What Went Right
1. The Superball Team
Throughout the course of the three-month official production cycle, this team has had many chances to give up. Through having to completely retool the engine (more on this later), to art problems, to task juggling, we somehow managed to keep the faith in each other and in the project. While some of the feature cuts hurt to make, we kept the shining goal of having a good, solid, fun game alive, and kept bouncing back.
2. Evelyn's Idea
After our beta presentations, we had exactly six days to prepare for our final showing of the game. There was still a lot of work that needed to be done, and we were beginning to wonder if we were going to even make a significant dent in it in time. It was Evelyn, my fiancee and 'quality assurance lead', that saved the project that night.

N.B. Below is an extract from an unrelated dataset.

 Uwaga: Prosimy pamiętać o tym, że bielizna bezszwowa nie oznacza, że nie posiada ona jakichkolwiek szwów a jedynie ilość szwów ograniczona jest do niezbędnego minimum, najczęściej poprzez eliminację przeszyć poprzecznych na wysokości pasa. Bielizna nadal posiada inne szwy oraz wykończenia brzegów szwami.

At her suggestion, Rolf and Chris came over to my place the next morning. For the most part, with the exception of class time, during which we were together anyway, they never left until final presentation. Evy kept us fed and caffeinated, tested new builds as fast as we could copy them onto her PC over the network, and played the all-important role of team cheerleader. More work got done on the project in those days than in the two weeks between alpha and beta.

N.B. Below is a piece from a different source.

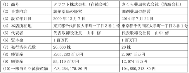さくら薬局を消滅会社とし、クラフトを存続会社とする吸収合併です。

3. The Amazing Never-Ending Development Cycle
Guardians of Neverwood was playable at our final presentation in June, but it wasn't the showpiece we had wanted to produce. Much work needed to be done. In July, Rolf continued the newly-established tradition of practically living at my dining room table, and we cranked out a significant amount of polish, and a whole heap of new features, in a very short time. Without the added pressures of class, the mountain of paperwork we were expected to produce daily, and the looming deadline, we were able to re-approach the project with a relaxed, thorough candor that was simply impossible to achieve while at Full Sail. With only two months to go from an empty project to a finished game, we had been in crunch time from day one.
4. Microsoft Saves the Day
Due to our trials and tribulations with animation (see below), we were forced to make some hard decisions. We had heard through the vast number of people that we spoke to about the problem that Direct3D and its D3DX libraries did a lot of the work associated with animation for us. The fact that the Direct3D .X model format is one of the very few we could find that even supported the type of animation we wanted to do sealed the deal. The problem, however, is that we were less than a week from alpha, and were faced with the spectre of completely re-writing the entire graphics pipeline of the game, using an API we really weren't familiar with, and one for which little support is available at Full Sail.

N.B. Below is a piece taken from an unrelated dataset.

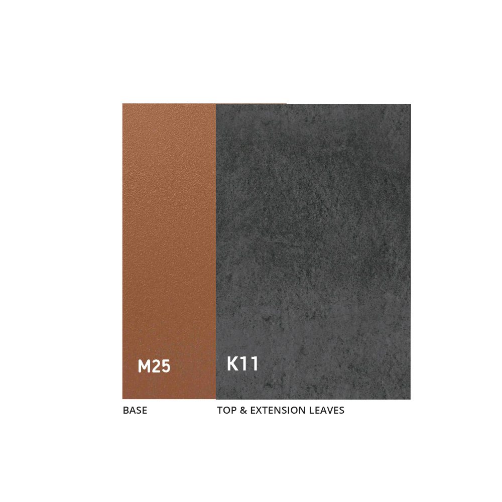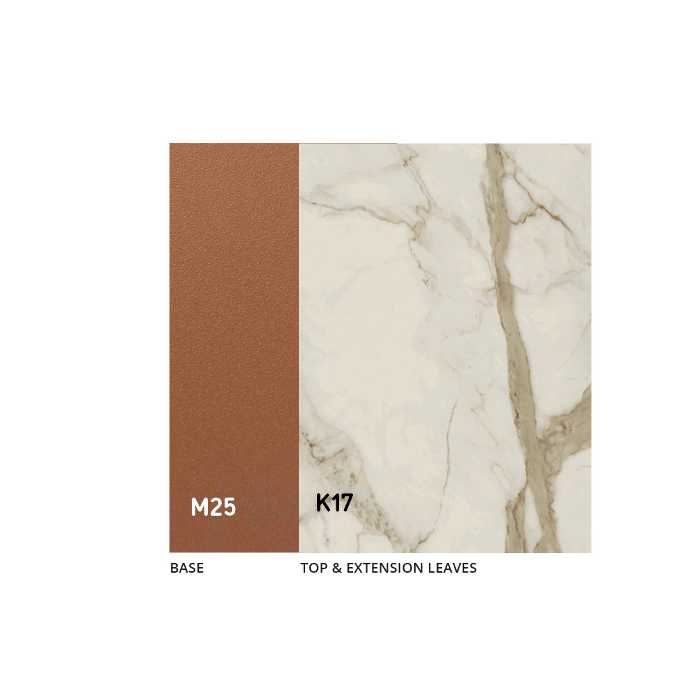 Tavolinë e bërë me kornizë metalike të lyer me bakër të stampuar dhe sipërfaqe qeramike 3 mm.

The three of us had a meeting, during which we pulled in several instructors, lab assistants, and former graduates, and after about an hour of discussion made the decision to pull the trigger. For four days, I didn't sleep. Then, Rolf and Chris worked some debugging magic to help me out, and we actually managed to restore the game's graphics capabilities to match the pre-conversion status in time for our alpha presentation.
Direct3D allowed us to do some nifty things we might not have otherwise pulled off. The wrapper class we developed for it was intuitive enough that even the team members who hadn't spent the last four days immersed in the DirectX SDK documentation could use it without difficulty. The .X model format proved simple for our artists to work with, and while we didn't have animation completed at the final presentation, we were a lot closer to it than we would have been with OpenGL. We're very glad to have been exposed to the Direct3D API, as we feel this knowledge will be invaluable to us in future projects.
5. Play it Again, Sam!
After presentation, one of the first things we did in 'developer overtime' was add a series of over thirty unlockable features that can be earned through gameplay. Instantly, a game that takes five minutes to beat became worthy of several hours of enjoyment. Unlockable extras are fast becoming a staple of a value-driven game consumer's expectations, and we felt that it was important both from a polish standpoint and from a demonstration point of view to get at least a few things in. We were shooting for eight to ten, and the number just kept skyrocketing as we had more, and better, ideas. Some of the features we had listed in the design document were rendered impossible by unavailable art resources, but we balanced them out with a host of new ideas.
The real part that went right with the extras was the fact that we didn't kill ourselves to get them in. Most of the things we added were simple, under 50 lines of code to implement. Some, like cardboard mode, were achieved simply by tweaking a value or turning a boolean on or off. Our game was architectured from the beginning to make it easy to do those kinds of things, and it really paid off at the end.